As pre-implantation genetic testing of embryos (PGD and PGS) is becoming widespread, there is some debate over the best method to biopsy the embryos to get the best cellular sample for testing with least harm to the embryo. I think the debate is pretty much over and the consensus is that trophectoderm biopsy is clearly better for getting a more robust (more cells)  sample for testing that is less likely to give false genetic test results.

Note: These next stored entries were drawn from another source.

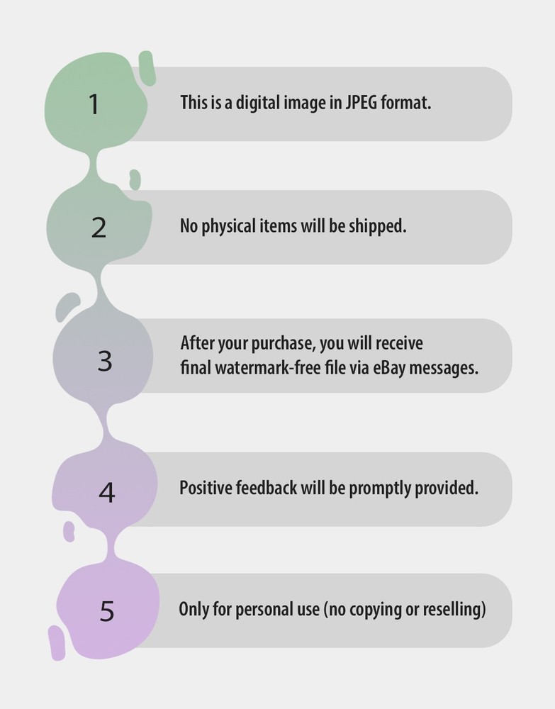 *POSITIVE FEEDBACK WILL BE PROVIDED AUTOMATICALLY WITHIN MINUTES OF THE PURCHASE* 1. WHAT YOU’LL GET Desktop wallpaper image: 4368 x 2448 px (16:9 ratio, png file) 2. HOW TO DOWNLOAD Following payment, you can download the files that will be delivered to your email box via eBay messages. 3. IMPORTANT NOTE This image may only be used for personal purposes; it may not be modified, reproduced, or resold in any way. You can definitely use this image for lots of creative, non-commercial projects. Here are some options beyond wall decoration: Scrapbooking: use the image as a fun embellishment for your scrapbook pages. Personal Stationery: print the image on your own stationery for a unique touch on your letters and notes. DIY Gifts: use the image to create personalized greeting cards for friends and family, like coasters, bookmarks, or even custom phone cases. Home Decor: use the image to create a custom pillowcase or other home decor items.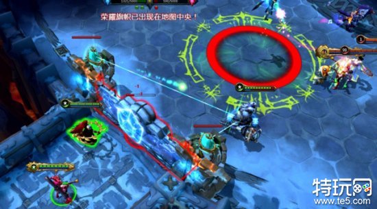 在祭坛争夺战中还穿插了夺旗的部分,开战3分钟,地图中央将出现一面荣耀战旗,将战旗带回己方占领的祭坛也能获得大量资源分,而占领祭坛的数量越多,得分也越高。需要注意的是,携带战旗的玩家将变身旗手,获得3个有利于跑路的自保技能,此时你的目标就是尽快把战旗带回祭坛。
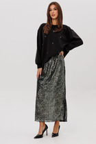 Блузка А-образного силуэта, выполнена из шифона и гипюра. Модель без подкладки и застежки, с плечевыми накладками. Низ блузки асимметричной формы: укороченный спереди и удлиненный к центру спинки. Перед и спинка состоят из двух разных по длине слоев. Перед с нагрудными вытачками, направленными от пройм. Спинка с притачной кокеткой и вставкой из гипюра, входящей в боковые швы и шов кокетки; верхний двойной шифоновый слой состоит из двух частей, скрепленных по шву кокетки на запах. Горловина круглой формы, спереди углубленная, обработана узкой косой бейкой. Рукав короткий, расширенный, состоит из двух разных по длине слоев; передняя и задняя часть рукава скреплены по окату на запах и расходятся к низу A-образным разрезом. Длина блузки (спинка) – 92 см, длина блузки (перед) – 66 см. Длина рукава – 42 см.

In addition, because you are taking a smaller percentage of biomass from the trophectoderm stage embryo (4 cells of 150 cells) compared to cleavage stage (one cell removed of 8 cells),  this should be better for preserving embryo viability and implantation ability. But if we have some concerns about extended culture, are these concerns less than the concerns we have about getting a false test result or damaging the embryo by doing cleavage stage biopsy at the earlier opportunity? This is the kind of complicated risk-benefit analysis that we have to consider as we go forward with ART.

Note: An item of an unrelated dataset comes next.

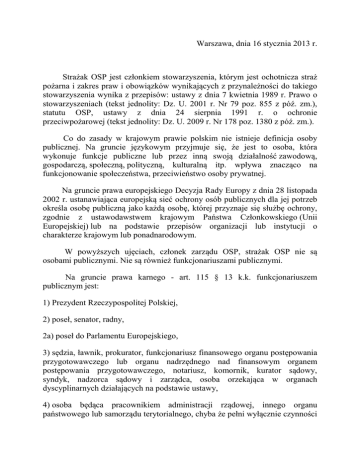 Warszawa, dnia 16 stycznia 2013 r. Strażak OSP jest członkiem stowarzyszenia, którym jest ochotnicza straż pożarna i zakres praw i obowiązków wynikających z przynależności do takiego stowarzyszenia wynika z przepisów: ustawy z dnia 7 kwietnia 1989 r. Prawo o stowarzyszeniach (tekst jednolity: Dz. U. 2001 r. Nr 79 poz. 855 z póź. zm.), statutu OSP, ustawy z dnia 24 sierpnia 1991 r. o ochronie przeciwpożarowej (tekst jednolity: Dz. U. 2009 r. Nr 178 poz. 1380 z póź. zm.). Co do zasady w krajowym prawie polskim nie istnieje definicja osoby publicznej. Na gruncie językowym przyjmuje się, że jest to osoba, która wykonuje funkcje publiczne lub przez inną swoją działalność zawodową, gospodarczą, społeczną, polityczną, kulturalną itp. wpływa znacząco na funkcjonowanie społeczeństwa, przeciwieństwo osoby prywatnej. Na gruncie prawa europejskiego Decyzja Rady Europy z dnia 28 listopada 2002 r. ustanawiająca europejską sieć ochrony osób publicznych dla jej potrzeb określa osobę publiczną jako każdą osobę, której przyznaje się służbę ochrony, zgodnie z ustawodawstwem krajowym Państwa Członkowskiego (Unii Europejskiej) lub na podstawie przepisów organizacji lub instytucji o charakterze krajowym lub ponadnarodowym. W powyższych ujęciach, członek zarządu OSP, strażak OSP nie są osobami publicznymi. Nie są również funkcjonariuszami publicznymi. Na gruncie prawa karnego - art. 115 § 13 k.k. funkcjonariuszem publicznym jest: 1) Prezydent Rzeczypospolitej Polskiej, 2) poseł, senator, radny, 2a) poseł do Parlamentu Europejskiego, 3) sędzia, ławnik, prokurator, funkcjonariusz finansowego organu postępowania przygotowawczego lub organu nadrzędnego nad finansowym organem postępowania przygotowawczego, notariusz, komornik, kurator sądowy, syndyk, nadzorca sądowy i zarządca, osoba orzekająca w organach dyscyplinarnych działających na podstawie ustawy, 4) osoba będąca pracownikiem administracji rządowej, innego organu państwowego lub samorządu terytorialnego, chyba że pełni wyłącznie czynności usługowe, a także inna osoba w zakresie, w którym uprawniona jest do wydawania decyzji administracyjnych, 5) osoba będąca pracownikiem organu kontroli państwowej lub organu kontroli samorządu terytorialnego, chyba że pełni wyłącznie czynności usługowe, 6) osoba zajmująca kierownicze stanowisko w innej instytucji państwowej, 7) funkcjonariusz organu powołanego do ochrony bezpieczeństwa publicznego albo funkcjonariusz Służby Więziennej, 8) osoba pełniąca czynną służbę wojskową, 9) pracownik międzynarodowego trybunału karnego, chyba że pełni wyłącznie czynności usługowe. Osobą pełniącą funkcję publiczną jest funkcjonariusz publiczny, członek organu samorządowego, osoba zatrudniona w jednostce organizacyjnej dysponującej środkami publicznymi, chyba że wykonuje wyłącznie czynności usługowe, a także inna osoba, której uprawnienia i obowiązki w zakresie działalności publicznej są określone lub uznane przez ustawę lub wiążącą Rzeczpospolitą Polską umowę międzynarodową (art. 115 § 19 k.k.). Natomiast w określonych wypadkach strażak OSP korzysta z ochrony prawnokarnej jak funkcjonariusz publiczny. W myśl art. 27 pkt 2 ustawy o ochronie przeciwpożarowej z ochrony przewidzianej w Kodeksie karnym dla funkcjonariuszy publicznych korzystają strażacy jednostek ochrony przeciwpożarowej i członkowie ochotniczych straży pożarnych biorący udział w działaniu ratowniczym lub wykonujący inne zadania związane z ochroną przeciwpożarową. Z wyrazami szacunku Krzysztof M. Miazga adwokat

The same sort of risk benefit analysis is happening with vitrification. There is almost universal support for vitrification as the superior freezing method for preserving the viability and quality of an embryo, leading to superior outcomes with respect to survival, fertilization and birth rates. So what are we to make of some animal studies which suggest that vitrification may also alter imprinting in some genes? Few random clinical trials (RCTs)- the gold standard of good interpretable science studies- have been performed and so we don’t really know whether we should be very concerned about this or not. The overall weight of the data still suggests that vitrification is the better clinical tool.

Take home messages:

  • The vast majority of over 5 million ART children born world wide are healthy, based on collected data so far.
  • But there are some increased health risks for ART children, early in life and possibly later.
  • The role that the ART lab environment plays in these increased risks is not understood at this time.
  • We do know that human eggs and embryos are very sensitive to environmental perturbations.
  • We know that current in vitro conditions and manipulations are not identical to nature.
  • Available – though limited-¬† data suggests that some routine aspects of ART (culture systems, blastocyst transfer, vitrification and trophectoderm biopsy) may have some unintended consequences. We need more data and more analysis to see if these risks (if confirmed) exceed the benefits.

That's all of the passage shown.